1) Zwangsarbeitslager gab es bereits im kaiserlichen Russland.

Zwangsarbeitslager in Sibirien wurden in Russland seit Jahrhunderten zur Bestrafung eingesetzt. Die Romanow-Zaren hatten seit dem 17. Jahrhundert politische Gegner und Kriminelle in diese Internierungslager geschickt oder sie in die Verbannung nach Sibirien gezwungen.

Zu Beginn des 20. Jahrhunderts stieg jedoch die Zahl der Menschen, die der katorga (die russische Bezeichnung für diese Bestrafung) ist in die Höhe geschnellt und hat sich innerhalb von 10 Jahren verfünffacht, was zumindest zum Teil auf die Zunahme sozialer Unruhen und politischer Instabilität zurückzuführen ist.

2. der Gulag wurde von Lenin, nicht von Stalin geschaffen

Obwohl die Russische Revolution Russland in vielerlei Hinsicht veränderte, ähnelte die neue Regierung dem alten zaristischen System in ihrem Bestreben nach politischer Unterdrückung, um das beste Funktionieren des Staates zu gewährleisten.

Während des Russischen Bürgerkriegs richtete Lenin ein "spezielles" System von Gefangenenlagern ein, das sich in seiner politischen Zielsetzung vom normalen System unterschied.

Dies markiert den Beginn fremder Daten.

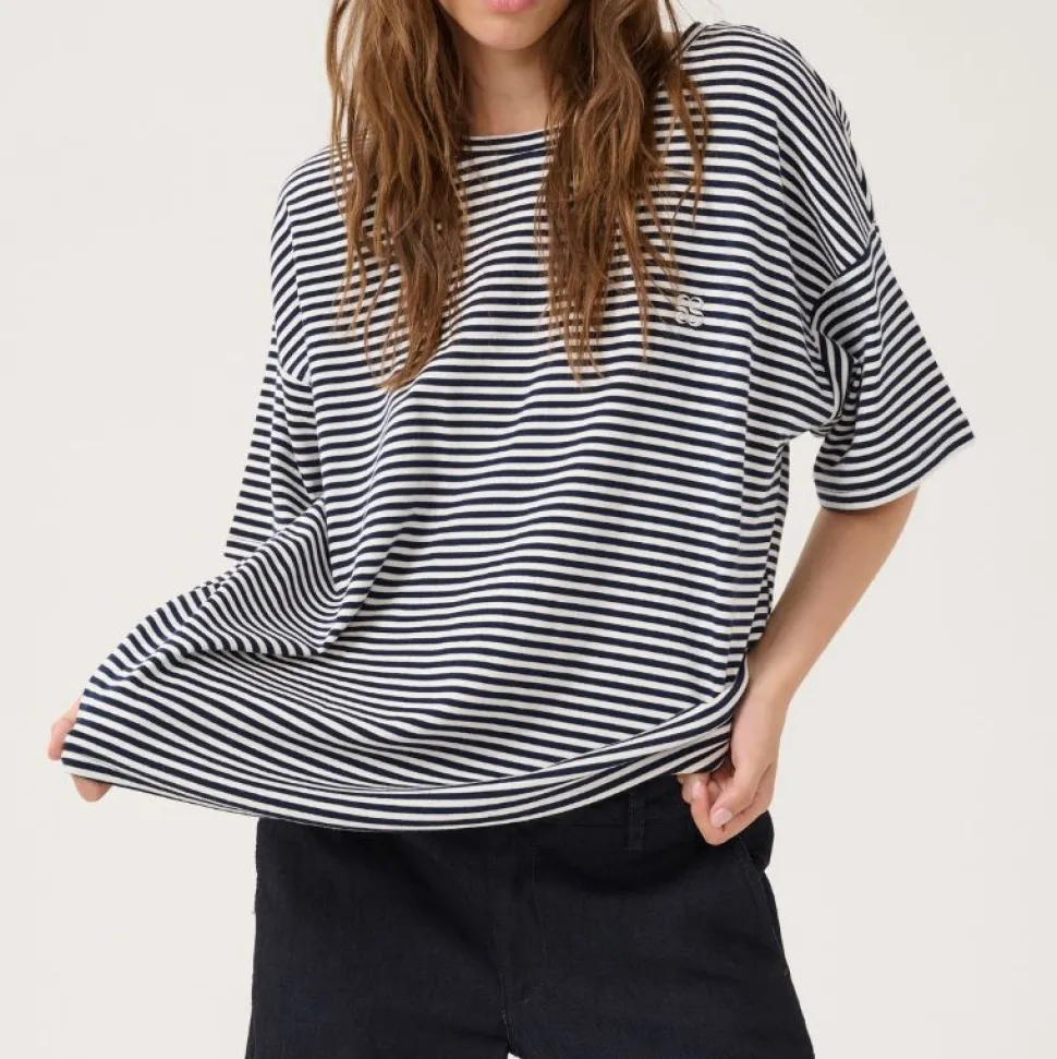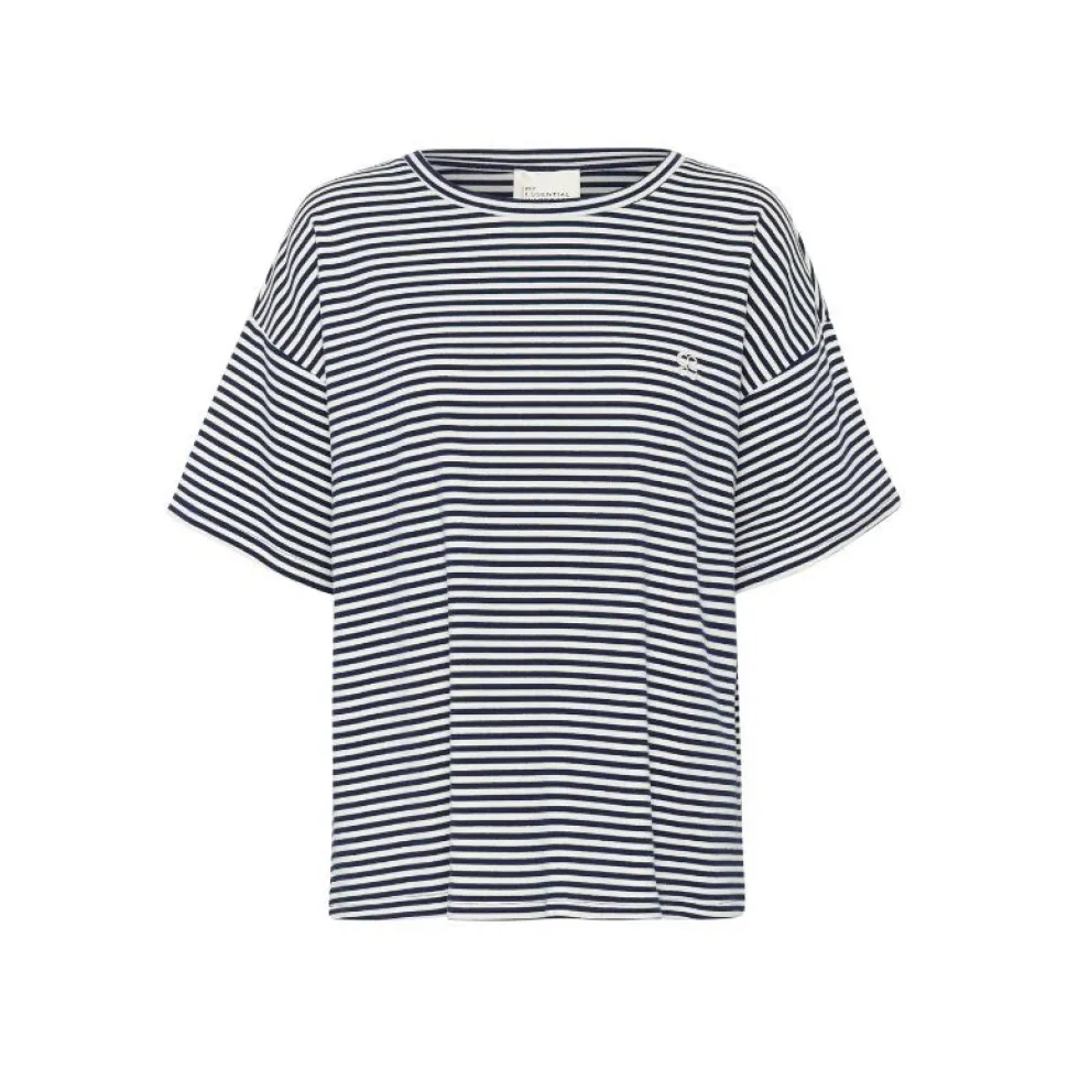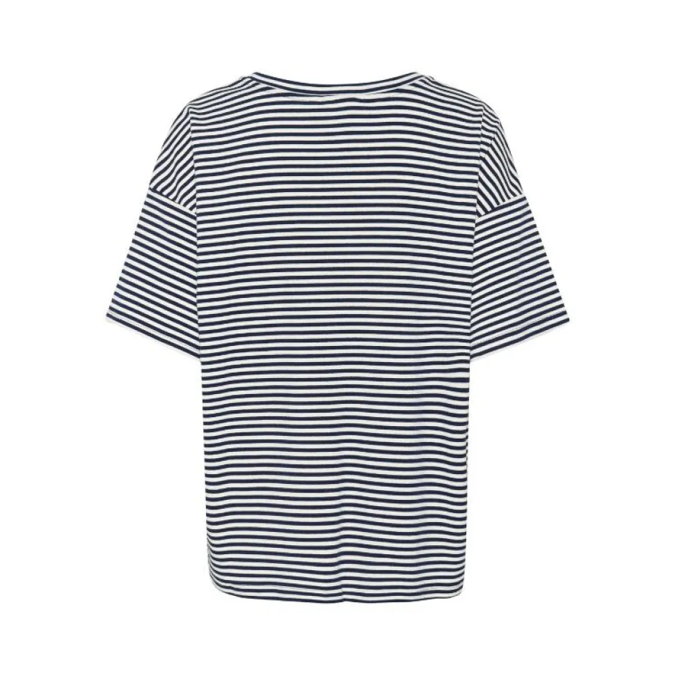 Det stribede design tilføjer et grafisk touch, der gør T-shirten nem at style både til jeans, shorts eller under en blazer for et cool, afslappet look.

Diese neuen Lager dienten der Isolierung und "Eliminierung" störender, illoyaler oder verdächtiger Personen, die keinen Beitrag zur Gesellschaft leisteten oder die neue Diktatur des Proletariats aktiv gefährdeten.

3. die Lager waren als Strafvollzugsanstalten konzipiert

Der ursprüngliche Zweck der Lager war die "Umerziehung" oder Korrektur durch Zwangsarbeit: Sie sollten den Häftlingen viel Zeit geben, um über ihre Entscheidungen nachzudenken. In vielen Lagern wurde die so genannte "Ernährungsskala" angewandt, bei der die Essensrationen direkt mit der Produktivität korreliert waren.

Die Häftlinge wurden auch gezwungen, zur neuen Wirtschaft beizutragen: Ihre Arbeit war für das bolschewistische Regime profitabel.

Eine Karte mit den Standorten der Gulag-Lager mit mehr als 5.000 Einwohnern in der UdSSR zwischen 1923 und 1960.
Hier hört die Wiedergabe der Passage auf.